Probable historia de las construcciones[1]
Primer periodo: Darío I
( 518 a 490 a. C.)
  • Terraza
  • Apadana (palacio, escalera Este)
  • Tesoro
Segundo periodo: Darío I - Jerjes I
( 490 a 480 a. C.)
  • Tachara
  • Escalera de Persépolis
  • Puerta de todas las Naciones
  • Apadana (escalera norte)
Tercer periodo: Jerjes I
( 480 a 470 a. C.)
  • Hadish
  • Harén
  • Tripylon
  • Palacio D
Cuarto periodo: Artajerjes I
  • Palacio de las 100 columnas
  • Palacio de Artajerjes I
  • Guarnición
Quinto periodo
Desconocido
  • Construcciones del sur

La primera capital del Imperio persa aqueménida fue Pasargada, pero hacia 512 a. C. el rey Darío I el Grande emprendió la construcción de este masivo complejo palaciego, ampliado posteriormente por su hijo Jerjes I y su nieto Artajerjes I. Mientras las capitales administrativas de los reyes aqueménidas fueron Susa, Ecbatana y Babilonia, la ciudadela de Persépolis mantuvo la función de capital ceremonial, donde se celebraban las fiestas de Año Nuevo.
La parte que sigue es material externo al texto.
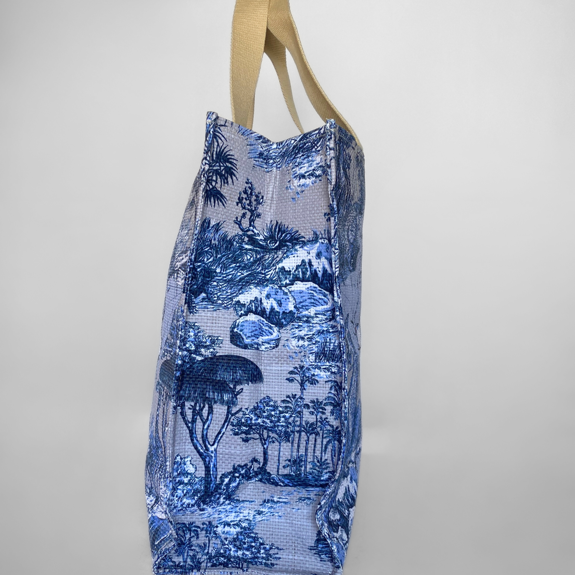 Dior Around The World Tote Bag, in blue and beige cotton. The Tote Bag has fashion and functionality all rolled into one. With its classic shape and roomy capacity, it is the perfect everyday bag.

Construida en una región remota y montañosa, Persépolis era una residencia real poco conveniente y era visitada principalmente en primavera.
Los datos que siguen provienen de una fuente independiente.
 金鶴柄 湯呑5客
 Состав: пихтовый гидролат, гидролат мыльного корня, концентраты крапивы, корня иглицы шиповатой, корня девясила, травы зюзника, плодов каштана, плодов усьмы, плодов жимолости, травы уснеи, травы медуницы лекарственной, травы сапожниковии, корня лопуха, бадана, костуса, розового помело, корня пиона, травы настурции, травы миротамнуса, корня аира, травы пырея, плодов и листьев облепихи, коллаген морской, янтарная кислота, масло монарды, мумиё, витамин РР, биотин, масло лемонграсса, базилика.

En 330 a. C., Alejandro Magno, en su campaña de Oriente, ocupó y saqueó Persépolis, incendiando el Palacio de Jerjes, para simbolizar quizá el fin de la guerra panhelénica de revancha contra los persas. En 316 a. C., Persépolis era todavía la capital de Persis, una provincia del nuevo Imperio macedónico. La ciudad decayó gradualmente durante el periodo seléucida y las épocas posteriores. En el siglo III, la cercana ciudad de Istajr se convirtió en centro del Imperio sasánida.

Construcción

Tras haber continuado la obra de Ciro II en Pasargada y paralelamente a los importantes trabajos de construcción emprendidos en Susa, Darío I decidió establecer una nueva capital; esta decisión es generalmente interpretada como una voluntad de distinguirse de la rama principal de los aqueménidas, a la que Pasargada estaba fuertemente ligada.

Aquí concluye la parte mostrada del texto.